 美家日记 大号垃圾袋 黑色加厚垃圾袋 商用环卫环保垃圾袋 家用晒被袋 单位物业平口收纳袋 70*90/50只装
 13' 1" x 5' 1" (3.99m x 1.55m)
-*-
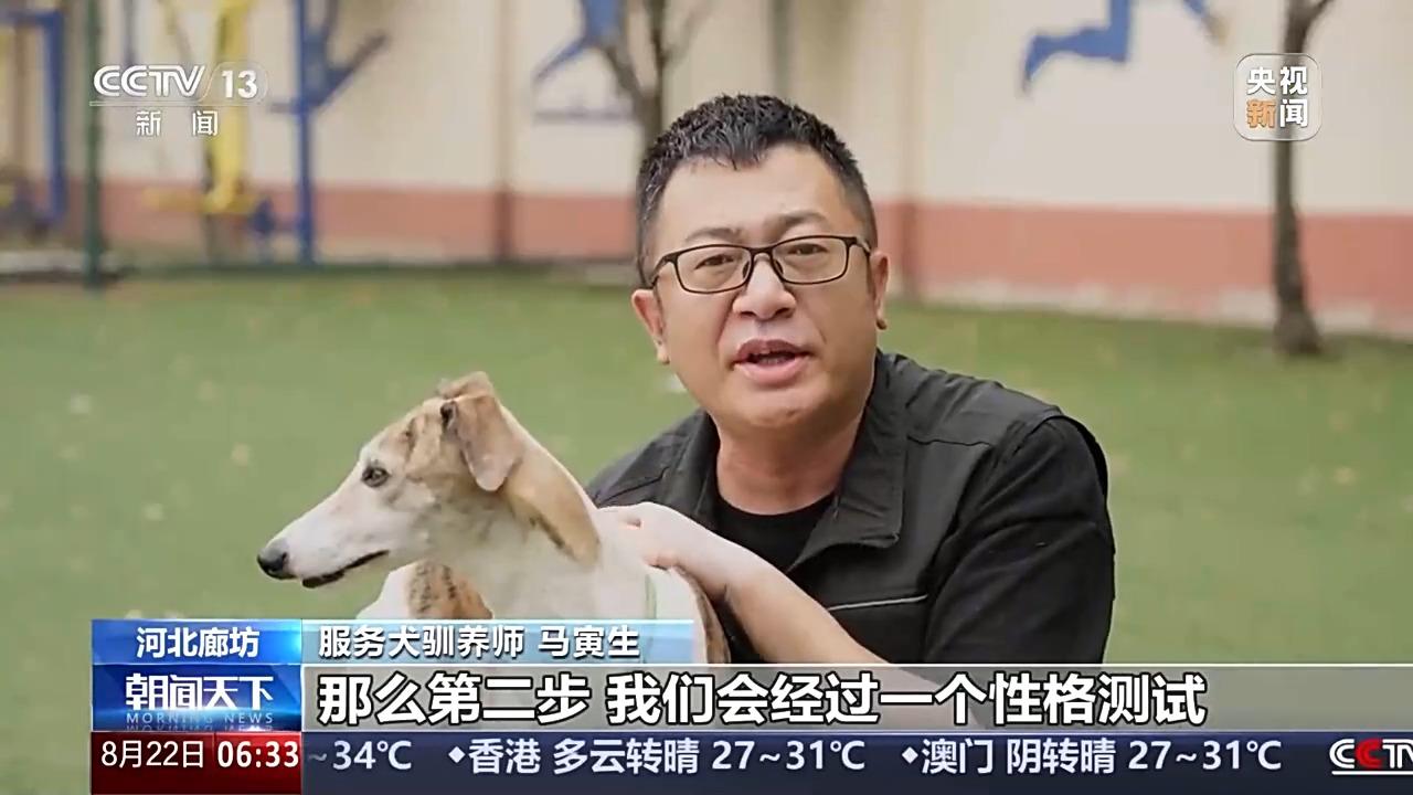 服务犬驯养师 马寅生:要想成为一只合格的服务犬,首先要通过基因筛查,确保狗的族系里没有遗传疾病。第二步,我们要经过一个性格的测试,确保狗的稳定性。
-*-
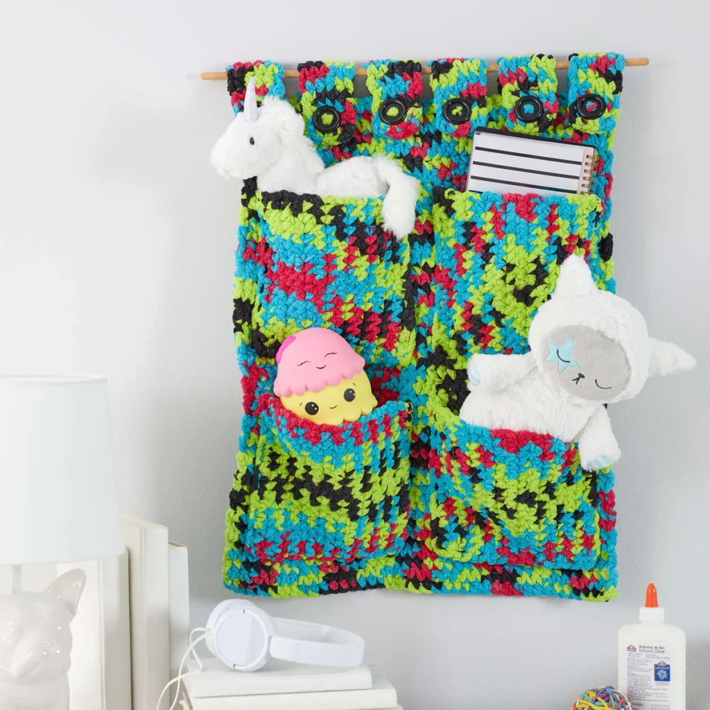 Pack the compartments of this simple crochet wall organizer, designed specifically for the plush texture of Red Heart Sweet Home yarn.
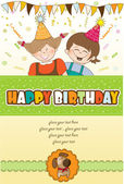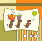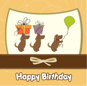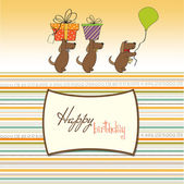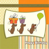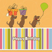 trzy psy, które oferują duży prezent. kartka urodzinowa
-*-
■ **What you need to do**: Every line above between the one containing "Pack the compartments" and the one containing "trzy psy, które", those two included, is to be printed exactly. No pictures go into the copy.

■ **The answer**:
 Pack the compartments of this simple crochet wall organizer, designed specifically for the plush texture of Red Heart Sweet Home yarn.
 trzy psy, które oferują duży prezent. kartka urodzinowa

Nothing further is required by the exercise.